WHAT THIS TASK INVOLVES: In the copy, keep every line below as it is and leave out the pictures.

DATA SECTION:
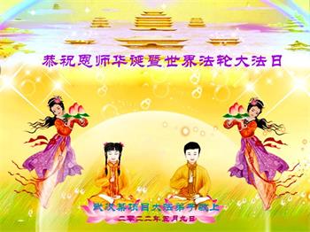 湖北省武汉市武昌区大法弟子携家人恭祝师尊生日快乐!热烈庆祝世界法轮大法日! 湖北省武汉市东西湖区一学法小组大法弟子恭祝师父生日快乐!
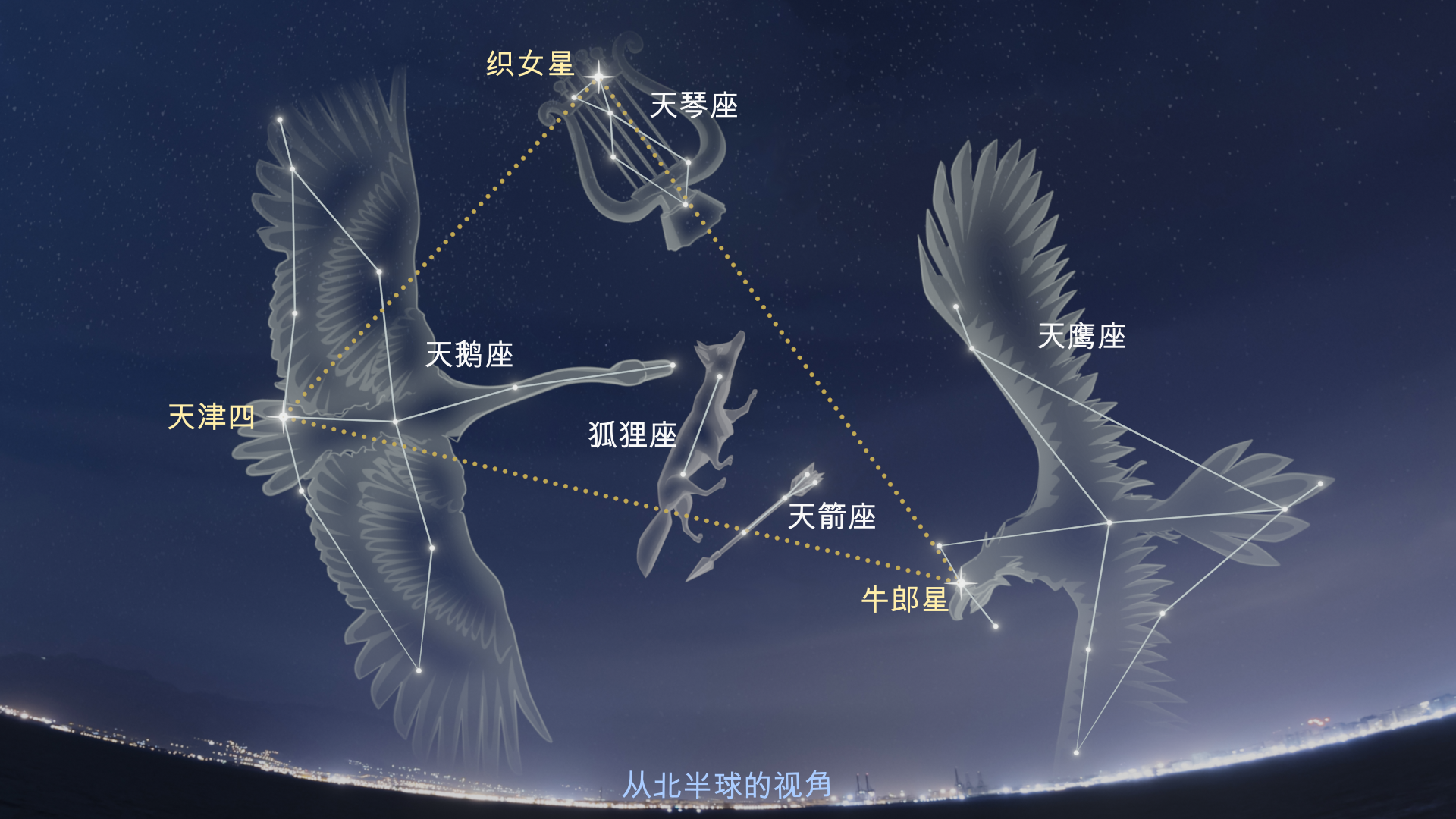 - 构成夏季大三角的恒星及其星座
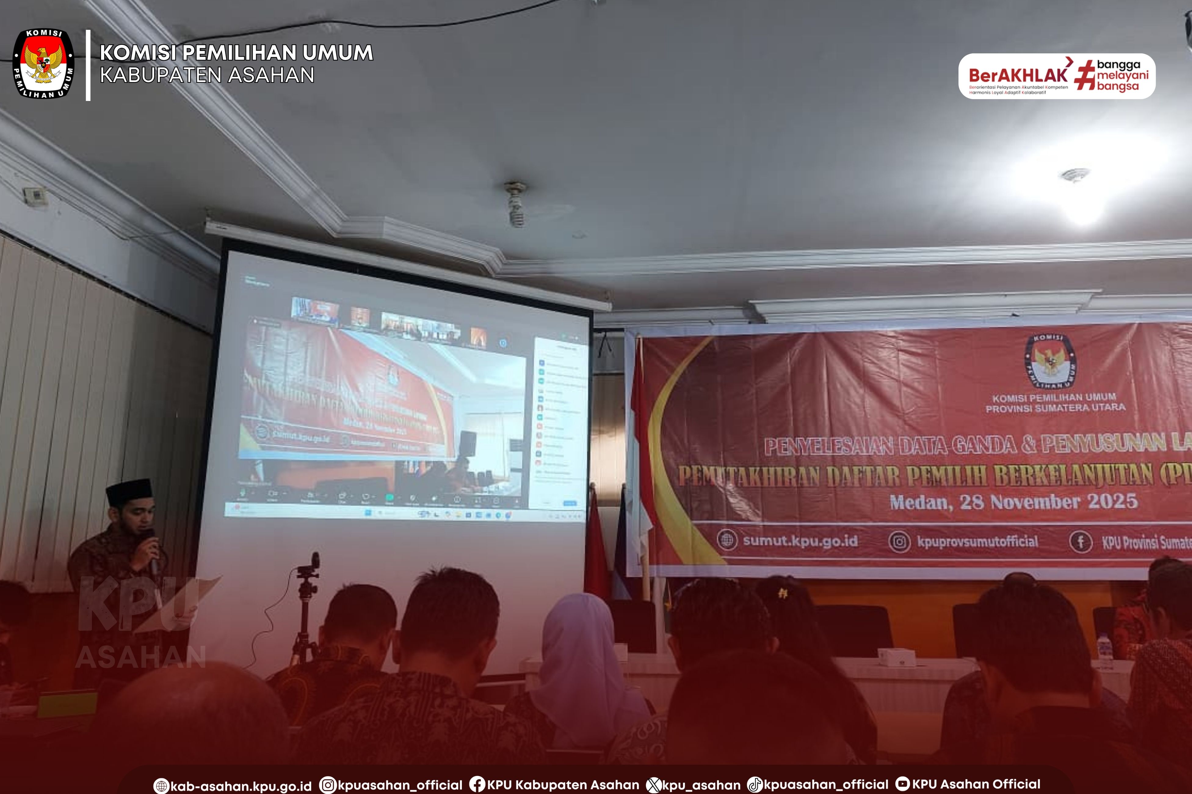 KPU Kabupaten Asahan Menghadiri Rapat Koordinasi Percepatan Penyelesaian Data Ganda dan Penyusunan Laporan Pemutakhiran Data Pemilih Berkelanjutan (PDPB) Semester II Tahun 2025 oleh KPU Provinsi Sumatera Utara, Jumat(28/11/25).

EXERCISE OUTPUT:
 湖北省武汉市武昌区大法弟子携家人恭祝师尊生日快乐!热烈庆祝世界法轮大法日! 湖北省武汉市东西湖区一学法小组大法弟子恭祝师父生日快乐!
 - 构成夏季大三角的恒星及其星座
 KPU Kabupaten Asahan Menghadiri Rapat Koordinasi Percepatan Penyelesaian Data Ganda dan Penyusunan Laporan Pemutakhiran Data Pemilih Berkelanjutan (PDPB) Semester II Tahun 2025 oleh KPU Provinsi Sumatera Utara, Jumat(28/11/25).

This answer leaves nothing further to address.